Visitors from overseas should not get behind the wheel straight after arriving from long-haul flights and drive on roads they are unfamiliar with, a Northland judge has cautioned.
Judge Deidre Orchard's caution in the Whangarei District Court came after she convicted and sentenced an American national this week on a charge of aggravated careless driving causing injury.
The charge was laid under the Land Transport Act and carries a maximum penalty of three years in jail or a $10,000 fine.
Robert Luppi, 72, crossed the centre line and continued driving on the wrong lane before colliding head-on with an oncoming car on State Highway 1 between Pakaraka and Ohaeawai on March 3.
The oncoming car, a Honda Civic, was being driven by female foreign tourist with her husband the front seat passenger. He fractured a thumb, collarbone and patella as a result of the accident, and was transported to the Bay of Islands Hospital and later to the Whangarei Hospital.
Luppi flew into Auckland that morning, hired a car, and was heading north to Paihia when the crash happened.

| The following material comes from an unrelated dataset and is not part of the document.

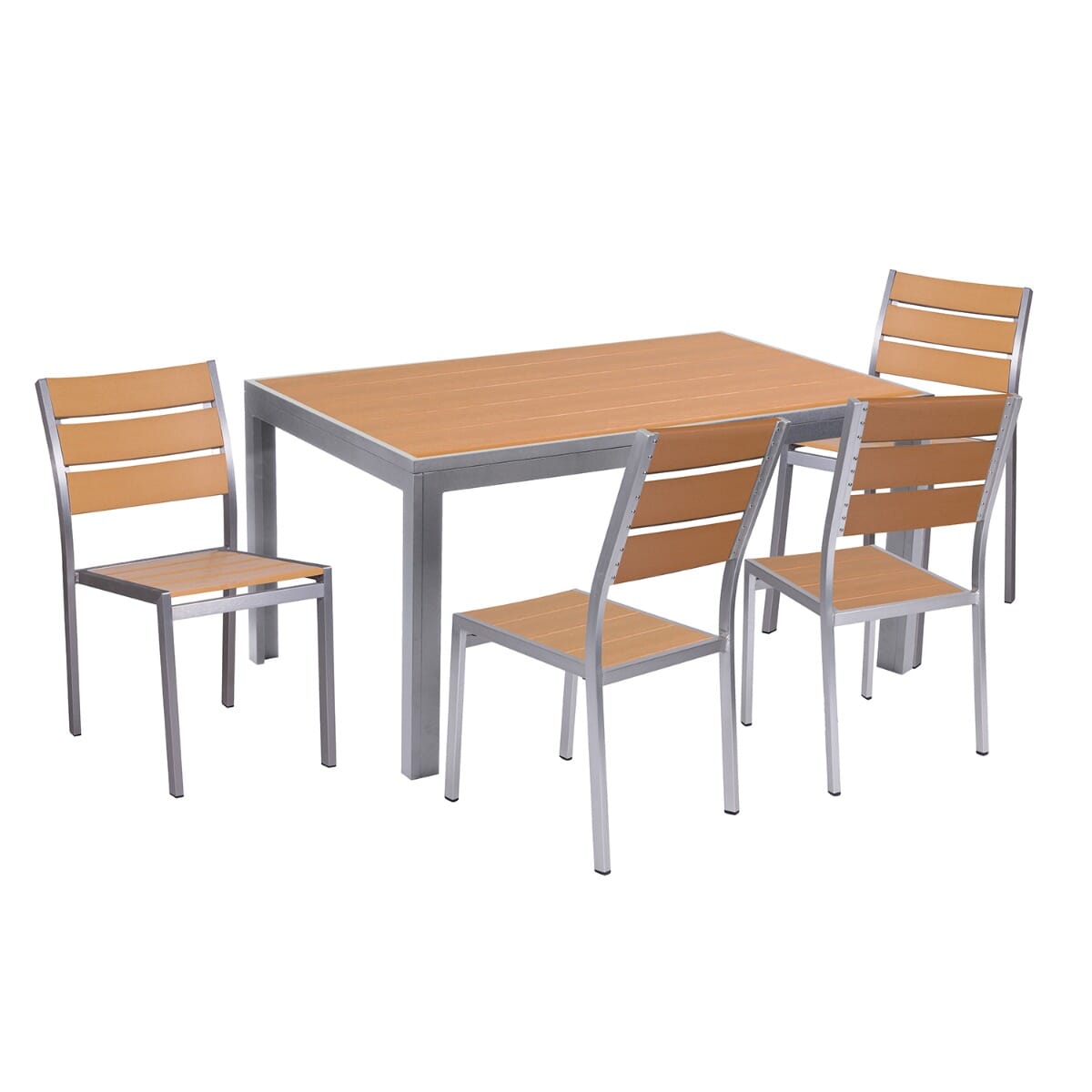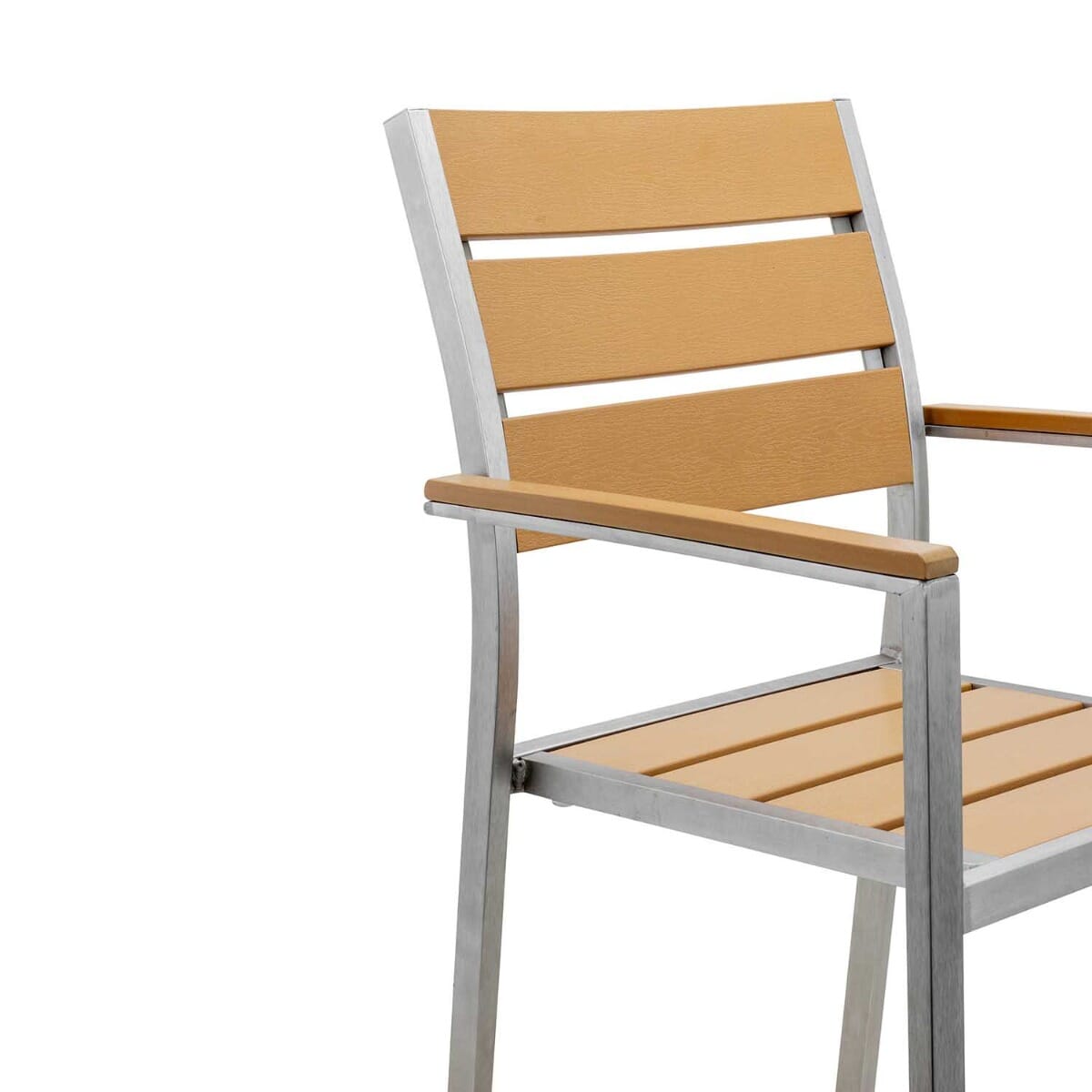 This casual yet upscale chair with arms is constructed of a lightweight recycled aluminum frame. The chair features a full seat and back with “teakwood” slats made of a poly material that’s designed to look like reclaimed wood — perfect for creating the ambiance of a waterside setting. This chair, pictured in Tan, is weather-resistant, combining the beauty of teak wood and the durability of aluminum. Sturdy legs have feet capped with nylon glides to protect both furniture and floor. Arrives fully assembled.

He admitted his fault, saying he drove on the wrong side of the road.
Judge Orchard said it was important people who arrived into New Zealand on long-haul flights got enough rest before they got behind the wheel.
She said it was equally important for them to familiarise themselves with road rules and driving conditions, especially tourists from countries such as the United States where they were used to driving on the right-hand side of the road.
She ordered Luppi to pay his victim $5000 in emotional harm reparation and a further $2000 fine. Luppi was also disqualified from holding or obtaining a driver's licence for 18 months.
A study in 2016 showed the highest proportion of overseas drivers involved in road crashes within three days of arriving in New Zealand were in Northland, Waikato and Canterbury.
The study was done by NZ Transport Agency, Ministry of Transport and StatsNZ and covered the years between 2010 and 2014.
Judge Orchard's comment in court was supported by regional transport committee chairman John Bain, who said tourists should not "race" to visit the beautiful sights of Northland.
"We want tourists in Northland but we want them to come up comfortably without creating mayhem. Every crash is a disaster that shouldn't happen."
AA's motoring affairs general manager, Mike Noon, said common mistakes made by overseas drivers such as crossing the centre line and fatigue were also made by Kiwi drivers.
However, he said visitors to Northland should set proper itineraries and plan their journeys rather than try to complete their trips within targeted days.
"Northland roads are reasonably treacherous, there are not a lot of passing lanes and areas drivers can pull over, there's a lot of mixed traffic, and roads can be very busy in summer," Noon said.
Transport Minister Phil Twyford said the Government was working hard to reduce serious crashes by working with stakeholders to improve road safety.
He said while international visitor numbers have increased by about 45 per cent over the past 10 years, the number of overseas drivers involved in crashes has stayed relatively constant.
The minister said the Government was not proposing to change rules that permitted overseas visitors to drive on their home driver licence for one year from the time they entered New Zealand.
French tourist Remi Morilleau died on Christmas Day, 2015, when his rental car crossed the centre line on SH1 at Oakleigh and smashed into another vehicle. He had arrived in the country that day.
Morilleau's death occurred near where 64-year-old Englishman David Banks died after a head-on smash on November 4, 2015. He, too, had arrived in New Zealand that day.
Last weekend, two German tourists— a 23-year-old man and a 24-year-old woman— were killed in a crash at Kaeo after it appeared the people-mover they had been travelling in crossed the centreline and collided with a truck north of Kaeo.
Before those crashes, American tourist Thomas Springer, confused by oncoming headlights, caused a crash on Puketona Rd which killed two Northland women, one of whom was eight months pregnant.
In December 2016, a tired tourist from Korea ran off the road into a parked car, causing a bystander to lose a finger.
A few days earlier, an American behind the wheel of a campervan found himself on the wrong side of the law and the wrong side of the road after narrowly missing an officer on the roadside, then two hours later forcing a police car off the road to avoid a head-on crash.